# Kitchen wiring



## Mark71 (Mar 29, 2009)

Good afternoon all,

A quick question for the collective grey matter out there... do kitchen appliances - i.e. electric oven, hob (gas but with electric connection to provide spark), dishwasher and fridge - have to have their own readily accessible fused isolator switch? Or is it ok to put them on 13A sockets hidden away inside cupboards???

Cheers,

Mark


----------



## iaov (Apr 14, 2008)

These can all be cord and plug connected.


----------



## Mark71 (Mar 29, 2009)

Iaov,

Thanks for your reply but I'm not certain that this is the case in the UK. My interpretation of BS7671 suggests that they *should* have isolators.

Mark


----------



## Jeff000 (Jun 18, 2008)

No idea for the UK, but I love how they start their code with BS, at least they acknowledge it


----------



## MDShunk (Jan 7, 2007)

Jeff000 said:


> No idea for the UK, but I love how they start their code with BS, at least they acknowledge it


:jester: Funny stuff, but I think they mean that for British Standard, not bull sh!t. They're probably pretty close, though.


----------



## Peej (Mar 27, 2009)

Pullout appliances are ok with socket below worktop, Eg - pull-out fridge, washer, dryer etc

Devices for emergency switching in BS7671 17th Edition: THe means of operation shall be readily accessible at places where danger might occur and, where appropirate, at any additional remote position from which that danger can be removed.
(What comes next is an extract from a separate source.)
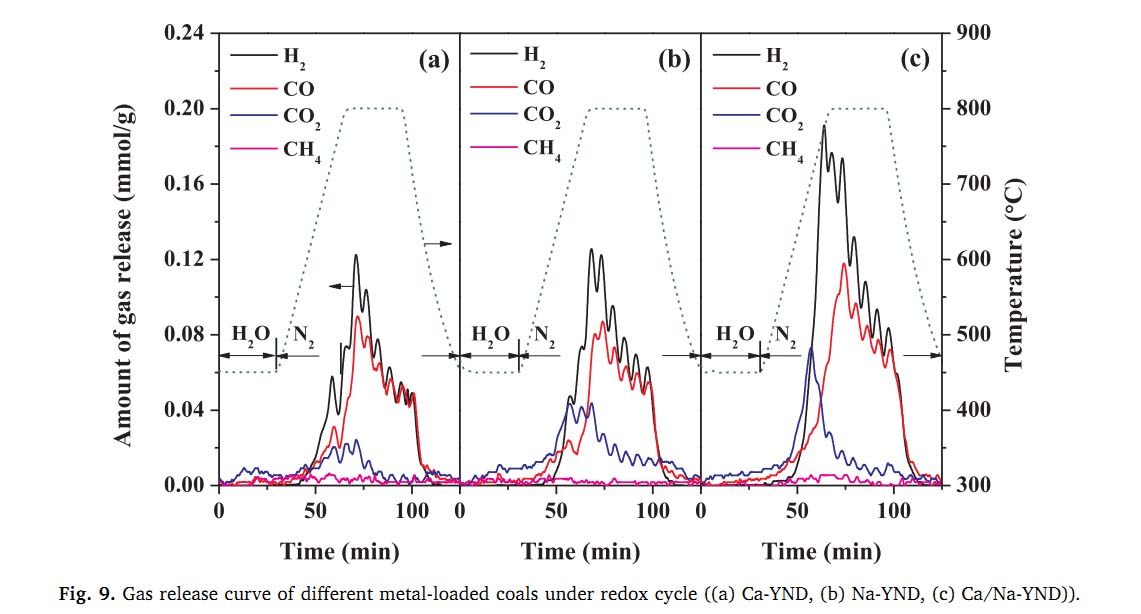 负载不同金属煤焦在氧化还原循环过程中气体释放曲线(a) Ca-YND, (b) Na-YND, (c) Ca/Na-YND)

Also, General BS7671 states in 537.5.1.1 A functional stwitching device shall be provided for each part of a circuit which may require to be controlled independently of other parts of the installation. 
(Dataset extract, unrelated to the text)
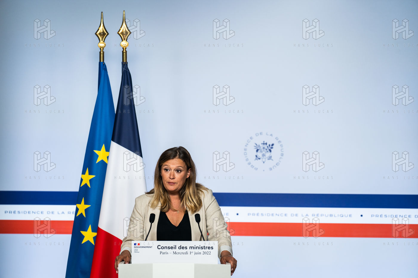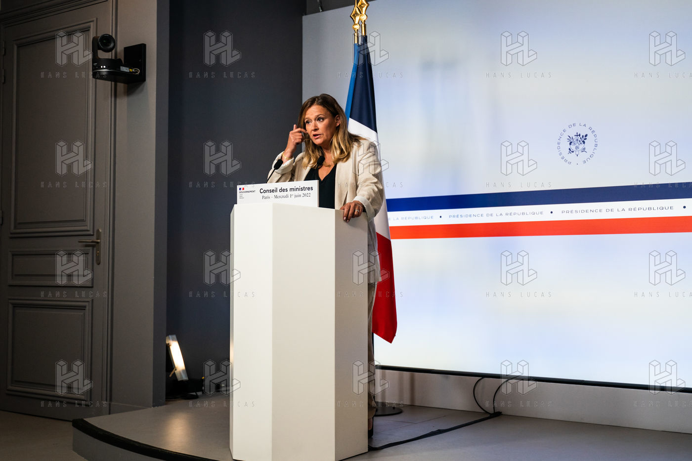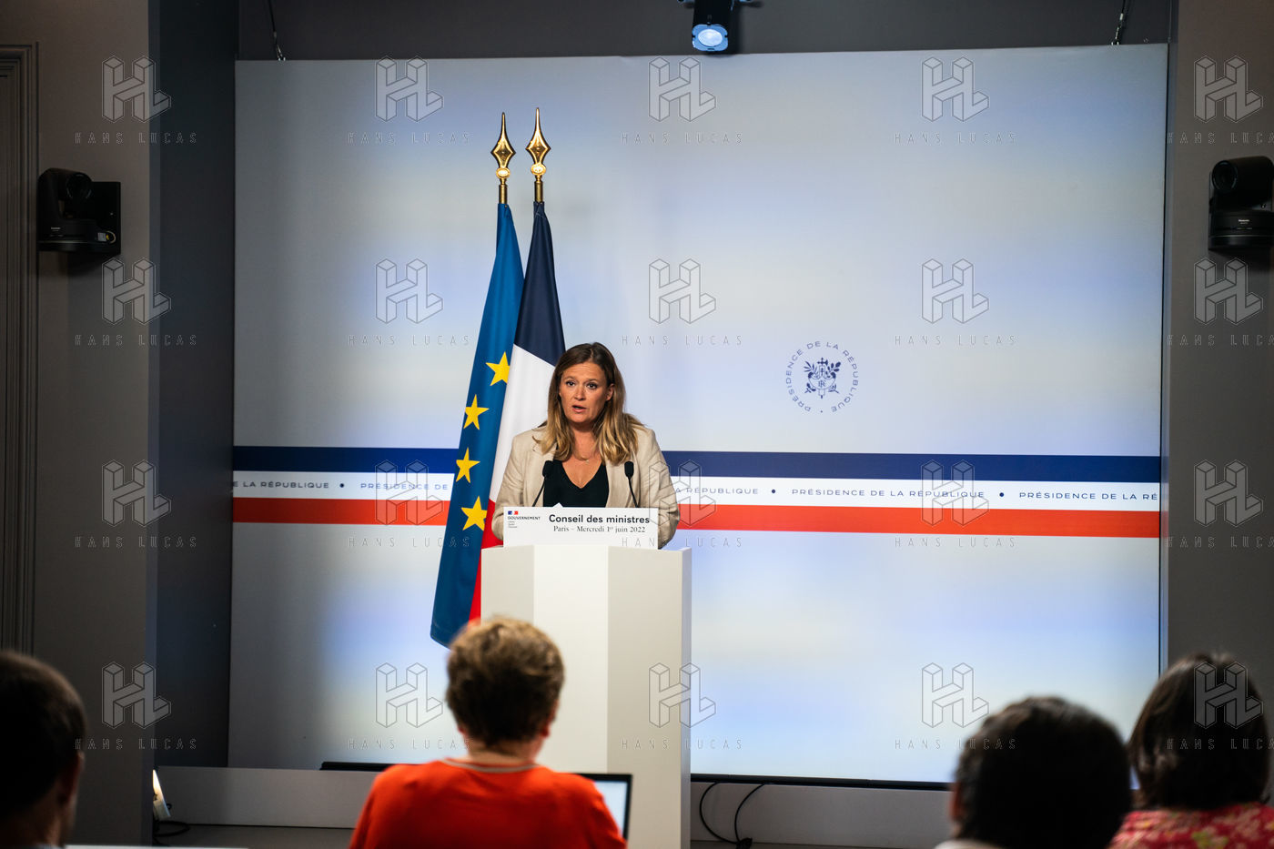 Compte-rendu à l'issue du conseil des ministres, dans la salle du porte-parole, Paris 1er juin 2022.

So hiding a cooking appliance isolator out of reach is not ideal. Generally a cooker should have a Isolating switch at worktop level, not directly behind the cooker where the splash screen is, usually to the left or right side of where that appliance is. 
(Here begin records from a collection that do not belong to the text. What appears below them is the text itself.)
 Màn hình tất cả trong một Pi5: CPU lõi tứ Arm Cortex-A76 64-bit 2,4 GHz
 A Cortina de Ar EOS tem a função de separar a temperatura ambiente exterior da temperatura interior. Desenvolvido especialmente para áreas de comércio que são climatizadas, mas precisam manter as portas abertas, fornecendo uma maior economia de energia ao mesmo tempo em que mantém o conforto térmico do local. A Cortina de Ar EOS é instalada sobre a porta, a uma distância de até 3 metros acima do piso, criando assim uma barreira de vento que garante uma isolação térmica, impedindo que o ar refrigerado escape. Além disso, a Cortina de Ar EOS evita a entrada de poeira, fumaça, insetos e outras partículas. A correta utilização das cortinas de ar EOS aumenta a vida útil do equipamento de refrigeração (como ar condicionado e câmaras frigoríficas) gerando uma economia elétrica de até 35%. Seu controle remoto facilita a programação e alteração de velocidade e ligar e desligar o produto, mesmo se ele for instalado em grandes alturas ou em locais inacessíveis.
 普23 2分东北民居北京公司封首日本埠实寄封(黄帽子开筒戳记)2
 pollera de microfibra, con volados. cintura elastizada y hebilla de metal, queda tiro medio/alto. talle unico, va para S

thats as much as i can find in my book atm, hope i helped a little.


----------



## william1978 (Sep 21, 2008)

Welcome to the forum.


----------



## captkirk (Nov 21, 2007)

Mark71 said:


> Good afternoon all,
> 
> A quick question for the collective grey matter out there... do kitchen appliances - i.e. electric oven, hob (gas but with electric connection to provide spark), dishwasher and fridge - have to have their own readily accessible fused isolator switch? Or is it ok to put them on 13A sockets hidden away inside cupboards???
> 
> ...


 Hello Mark71, I see your from Scotland. I spent about a month there and loved every minute of it. Welcome to the forum.


----------